Chemotherapy is a treatment used in medicine to cure the body of deadly cancerous tumors: it functions like a poison that can kill off the body if used excessively but can also cure the body if implemented correctly. The use of suo motu by the Supreme Court of Pakistan, where a judge accepts a case on its initiative, is much like chemotherapy.
The use of suo motu judicial review by the court has helped to shed light on issues left untouched by the elected branches, and thus treats the nation’s cancers. However, without a method to determine when it is proper to use this judicial tool, suo motu could “poison the system,” by politicising the court and creating rifts between the branches of government.
The use of suo motu is an anomaly to the South Asian subcontinent, with India and Pakistan having constitutional provisions allowing the court to exercise jurisdiction even when the technical requirements for a case have not been satisfied.
Under Chief Justice Iftikhar Muhammad Chaudhry, the court has relied on its constitutional right to take suo motu action. In Article 184 (3) of Pakistan’s Constitution, the Supreme Court is allowed to take suo motu action whenever there is a possible violation of fundamental rights enumerated in Chapters 1 and 2. Thus, the court has initiated several cases based on news stories that appeared in the print or electronic media or letters sent to the court by common citizens. Though a news story or a citizen letter does not fulfill the legal requirements of filing a plea with the court, the Court has been willing to take action.

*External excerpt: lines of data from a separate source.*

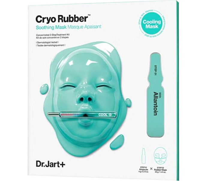 Dr.Jart+ Cryo Rubber™ su raminamuoju alantoinu, 40 g – dviejų etapų guminė veido kaukė su intensyviu vėsinančiu ir raminamuoju poveikiu.
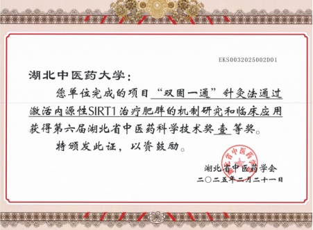 近日,从湖北省中医药学会传来喜讯,工作室负责人、湖北中医药大学针灸骨伤学院副院长、博士生导师、“岐黄工程”第四批全国中医优秀人才梁凤霞教授主持完成,工作室成员吴松教授等参与的《“双固一通”针灸法通过激活内源性SIRT1治疗肥胖的机制研究和临床应用》项目荣获第六届湖北省中医药科学技术奖一等奖。
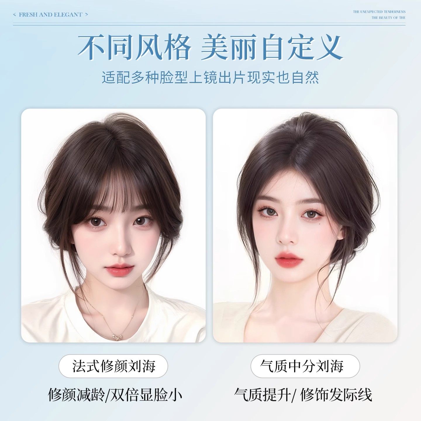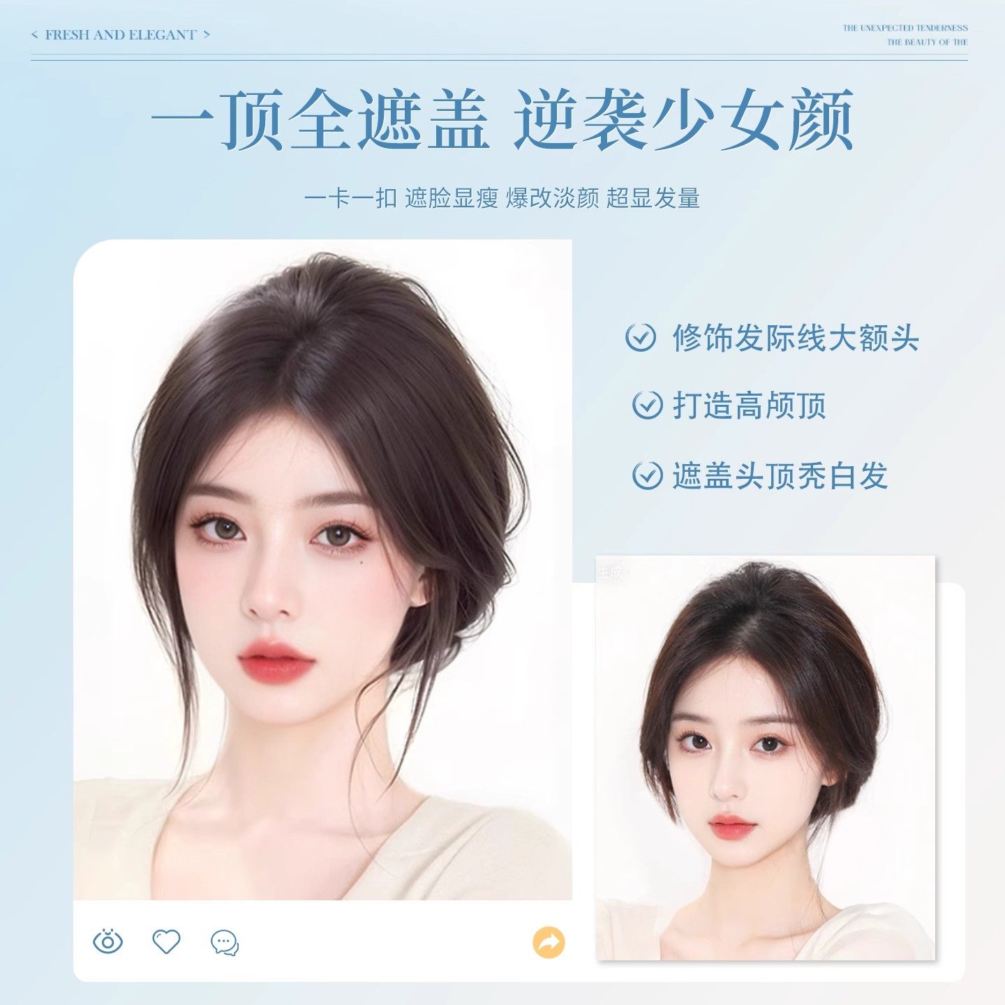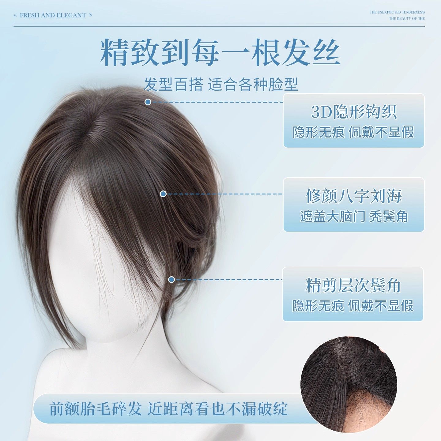 八字刘海假发女片头顶自然前额仿真发无痕增发量蓬松高颅顶假发片

Justice Shri V. R. Krishna Iyer of the Indian Supreme Court stated that such judicial activism shows that “the true strength and stability of our polity is the society’s credibility in social justice, not perfect ‘legalese’”.
The speedy and public trial of the Rangers who shot and killed Sarfraz Shah on videotape in Karachi is a prime example of the positive use of suo motu by the court. By most accounts, the commanding officers in this instance attempted to avoid prosecuting the murderous Rangers and concealed evidence of the heinous crime. Had the Supreme Court not exercised its suo motu powers, Mr. Shah’s killer would continue to roam the streets with the ability to repeat his cowardly act on another civilian.
The second positive example of the use of suo motu came in 2006 when the court attempted to address the problem of missing persons in Balochistan. The court acted to preserve the right of habeas corpus guaranteed by the Pakistani constitution which states that an individual who is arrested by a state actor must be presented publicly and told the allegations against him. Though the Court threatened to awaken the beast of the Army, who had long-maintained a policy of extrajudicial action against civilians, this use of suo motu is a medicine for the cancer of Army-inflicted human rights abuses.
Justice Khawaja Muhammad Sharif defended the use of suo motu by stating he “will take notice of every matter in which the executive is showing slackness.” As Saroop Ijaz, renowned legal commentator, states, “such a presumption that suo motu can be used to remedy inaction by elected officials exposes some of the negative characteristics of judicial activism.”
The use of suo motu is a game-changing feature to the balance of powers between the Parliament, Supreme Court, and the President’s office. However, if the practice is overused, it could cause an all out rebellion and refusal by elected officials to enact the decisions of the Court. This would be devastating to the credibility of the institution and render it as powerless as during the days of dictatorial rule. In fact, some have argued that the recent spate of judicial activism has led to several instances where the judicial branch and executive were so conflicted that there was no effect of the Supreme Court’s decisions.
Furthermore, by continually acting on issues where the executive branch has not yet taken action, the Court could foster a dependant relationship between itself and the President. This could be damaging not only by inundating the court with political decisions it is unequipped to make, and by weakening the willingness of the Executive to be proactive in their approach to running the affairs of the nation.
There is also an issue with the randomness by which the court has recently exercised its suo motu powers. One anomalous case that has resulted in many critiques against the Court was the decision to take notice of the detention of Atiqa Odho when she was found to have been in possession of alcohol. This judicial action exposed a serious question that must be asked: is there any system or legal logic the court utilises to determine when they may exercise suo motu?
It is up to the court to determine what rights should be protected by their use of suo motu but what is far important is how those rights will be protected. If the court acts without a method to pass along to future jurists, it threatens creating chaos. If suo motu is overused, it could alienate the army and elected branches to the point of open defiance. And finally, just as the Supreme Court needs time to develop itself, the executive branch should be given enough leeway to take actions independent of judicial decree.
However, if the court allows judicial formalism to stand in the way of taking immediate action, the cancers of Pakistan could kill the country. The court could successfully cure many of the nation’s cancers only by taking a deliberate approach to addressing injustices in its society through a legal framework that respects the balance of power and can be expanded on by jurists to come.
The writer holds a Juris Doctorate in the US and is a researcher on comparative law and international law issues.